Dan Norris: EC Regulation 244/2009 implementing Directive 2005/32/EC with regard to ecodesign requirements for non-directional household lamps entered into force in April 2009. A copy will be placed in the Library.
As an EC regulation it required no transposition into UK law. Enforcement of this regulation lies within the responsibility of the Secretary of State in accordance with the Ecodesign for Energy-Using Products (Amendment) Regulations 2009 (SI 2009 No. 2560).
Total Place is a joint initiative challenging central Government and local areas to work together to
find better ways to achieve outcomes. Members of DEFRA's management board are representing central Government in the pilot projects in Birmingham, central Bedfordshire and Luton, and Kent.
Lynne Jones: To ask the Secretary of State for Environment, Food and Rural Affairs pursuant to the answer of 20 July 2009, Official Report, columns 956-57W, on Israel: imports, (1) for what reason no reference was made to the planned public consultation on the labelling of produce from the occupied Palestinian territories in the letter dated 13 October 2009 to the hon. Member for Birmingham, Selly Oak, ref: MC126368/MA; 
Jim Fitzpatrick: DEFRA still intends to hold a consultation about the terms of the voluntary guidance referred to by my hon. Friend. The Government are still carefully considering the arrangements for consultation, and what guidance might be placed on DEFRA's website.
Dan Norris: The minutes of Cabinet meetings are confidential. Ministers and Departments are working together to advance the sustainable production and consumption of palm oil, including through engagement with businesses, NGOs, the Roundtable on Sustainable Palm Oil and other governments.
Bill Wiggin: To ask the Secretary of State for Environment, Food and Rural Affairs (1) whether his Department was represented at the most recent Roundtable on Sustainable Palm Oil meeting; and if he will make a statement; 
(2) when he last discussed the use of sustainable palm oil with (a) Ministerial colleagues, (b) representatives of the Roundtable on Sustainable Palm Oil, (c) representatives of the palm oil industry, (d) representatives of environmental non governmental organisations and (e) officials of other Government departments; and if he will make a statement; 
Dan Norris: The Roundtable on Sustainable Palm Oil (RSPO) annual meeting which took place from 2-4 November was attended by a Government official from the Foreign and Commonwealth Office (FCO) posted to the South East Asia region. FCO officials work closely with counterparts in the UK to represent wider government interests and to keep policy makers informed of relevant developments abroad.

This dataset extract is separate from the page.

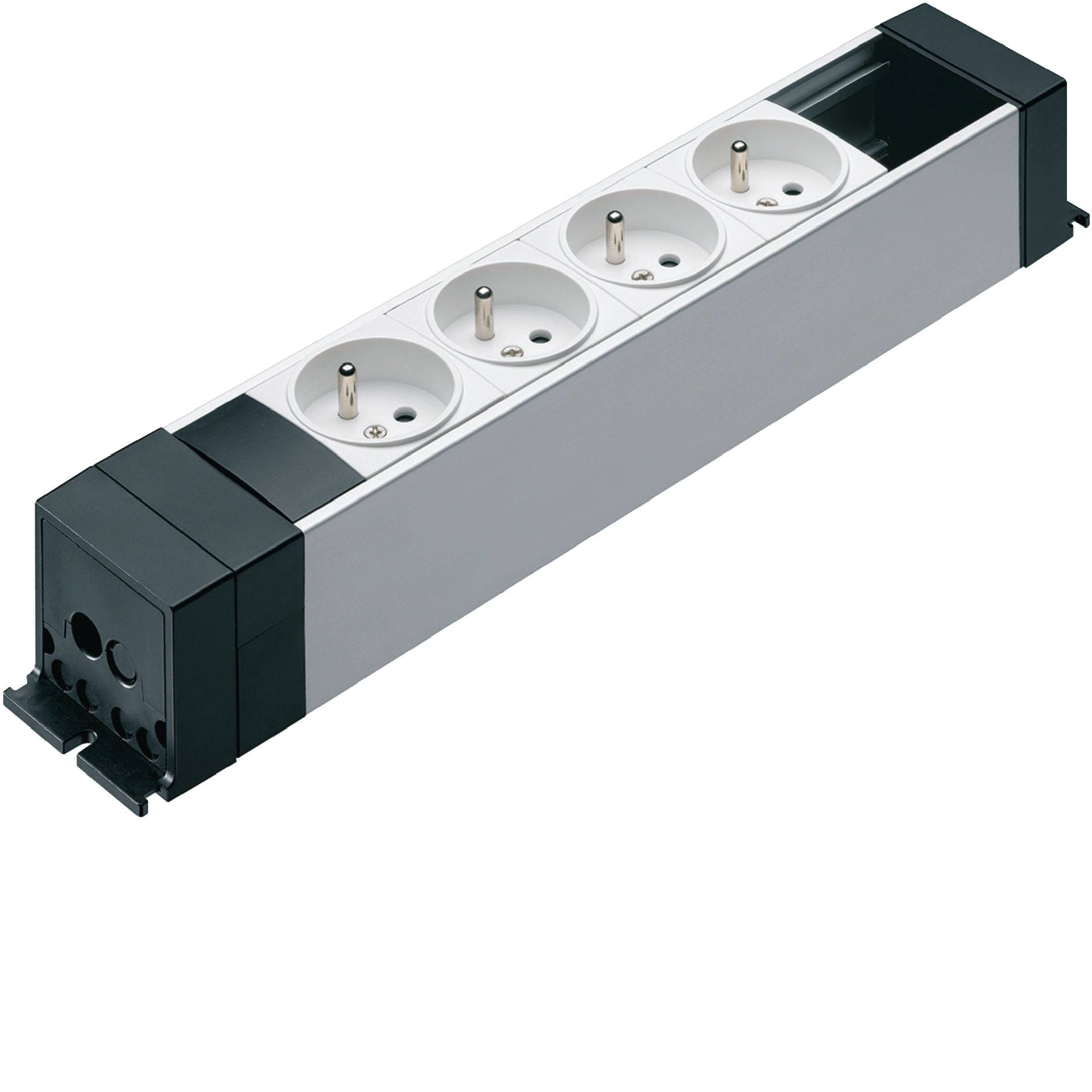 Stopcontactblok 4 x 230V 2P+A met aansluitkl. en 2 reservemod. van 22,5 mm

In the last month, Ministers from DEFRA and the Department of Energy and Climate Change met with UK based businesses that are members of the RSPO, and with international NGOs on forestry and palm oil. Engagement with these groups in the UK and internationally, including with other Governments, will continue as the UK Government work to support sustainable production and consumption of palm oil. This includes funding a project to help the RSPO secretariat strengthen and expand its certification.
Tom Levitt: To ask the Secretary of State for Environment, Food and Rural Affairs what his Department's policy is on the use of recovered fuel oil as a substitute for the use of fossil fuels. 
Dan Norris: DEFRA's policies on waste oils and recovering energy from waste are set out in Waste Strategy for England 2007. This Department does not have a specific policy on the use of recovered fuel oil.
Tom Levitt: To ask the Secretary of State for Environment, Food and Rural Affairs what proportion of plants compliant with the Waste Incineration Directive can accept recycled fuel oil as a fuel.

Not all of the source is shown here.